From Contested Territories to alternatives of development
Learning from Latin America
Dr Gabriel Silvestre, Dr Jorge Catalá, Dr Josep Cru, Dr Lorenza Fontana, Daniel Mallo, Dr Gabriel Silvestre, Armelle Tardiveau, Dr Sharon Velasquez Orta are working together on this project which started in January 2022 and is due for completion in December 2025. Funded by the European Union's Horizon 2020 Research and Innovation Programme this project also includes work from the following partner institutions; Universität Leipzig – lead partner (Germany), University of Leeds (UK), University of Sheffield (UK), Universidad Autonoma De Madrid (Spain), Politecnico di Milano (Italy), Centre National de la Recherche Scientifique (France), Institut de Recherche pour le Developpement (France), Universidad de Buenos Aires (Argentina), Universidad de Chile, Universidad de la Frontera (Chile), Flacso (Ecuador), Universidad Mayor de San Andres (Bolivia), Pontificia Universidad Javeriana (Colombia), and Centro de Estudios Urbanos y Regionales (Argentina). This work is being supported by non-academic partners such as Torero Film (Germany), Basurama (Spain), Habita65 (Portugal), La Hidra (Spain), and Asociacion Civil por la Igualdad y la Justicia (Argentina).

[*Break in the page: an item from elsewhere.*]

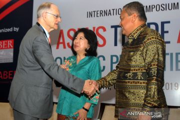 Chairman Indonesia Bureau of Economic Research (IBER) Mari Pangestu (tengah), menyaksikan Head of the East Asian Bureau of Economic Research (ABER) Peter Drysdale (kiri) menyalami Gubernur Bank Indonesia Perry Warjiyo, usai memberikan sambutan sebagai keynote speaker pada simposium internasional Asias Trade and Economic Priorities in 2020, yang diselenggarakan IBER, di Jakarta, Selasa (29/10/2019). Simposium diselenggarakan untuk membahas prioritas kebijakan ekonomi dan perdagangan Asia pada tahun 2020, termasuk resiko utama yang dihadapi, serta upaya-upaya yang dapat dilakukan untuk memperkuat ketahanan ekonomi dan sistem keuangan Asia tidak terkecuali melalui Forum G20. ANTARA FOTO/Audy Alwi/pras.
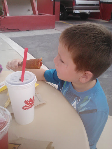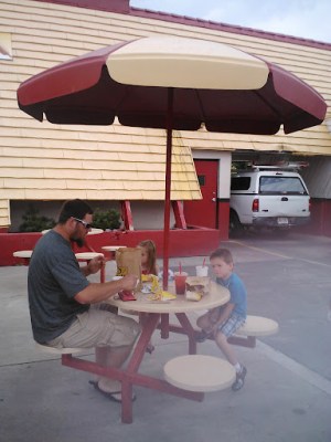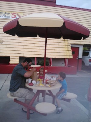 Friday I thought it would be fun to do something with the kids in Utah. There are a lot of things you can do in Salt Lake and since we were there we might as well take advantage of it. We decided to go to the Salt Lake City Hogle Zoo. Their zoo is much larger than the one we have in Boise and I thought the kids would have fun. On our way to the zoo we decided to have lunch at a Wienerschnitzel – it’s a red and yellow A-frame drive thru that mainly serves hotdogs. Greg had never been to one and I thought he would like it. He got a couple of hot dogs with all the fixing, I got a foot long and the kids got corn dogs. Greg thought it was alright, he said he prefers his hotdogs on the grill but now he can say he ate at Wienerschnitzels.

Synopsis of the research project
The overall objective of CONTESTED_TERRITORY is to form an international and intersectoral network of organisations from across Europe and Latin America on a joint research programme that pursues conceptual and empirical knowledge generation on innovative and sustainable bottom-up models of territorial development. We consider community-led practice enacting alternative knowledge as basis for a productive framework to grasp transformations of space and society supporting local-to-global knowledge diffusion. In particular, the RISE action will deliver novel understandings on how ordinary people produce innovative models for more sustainable and resilient environments. By this, we will learn how they shape, negotiate, imagine and collaboratively manage territories in contested and uneven power relations and how they progress models of social integration.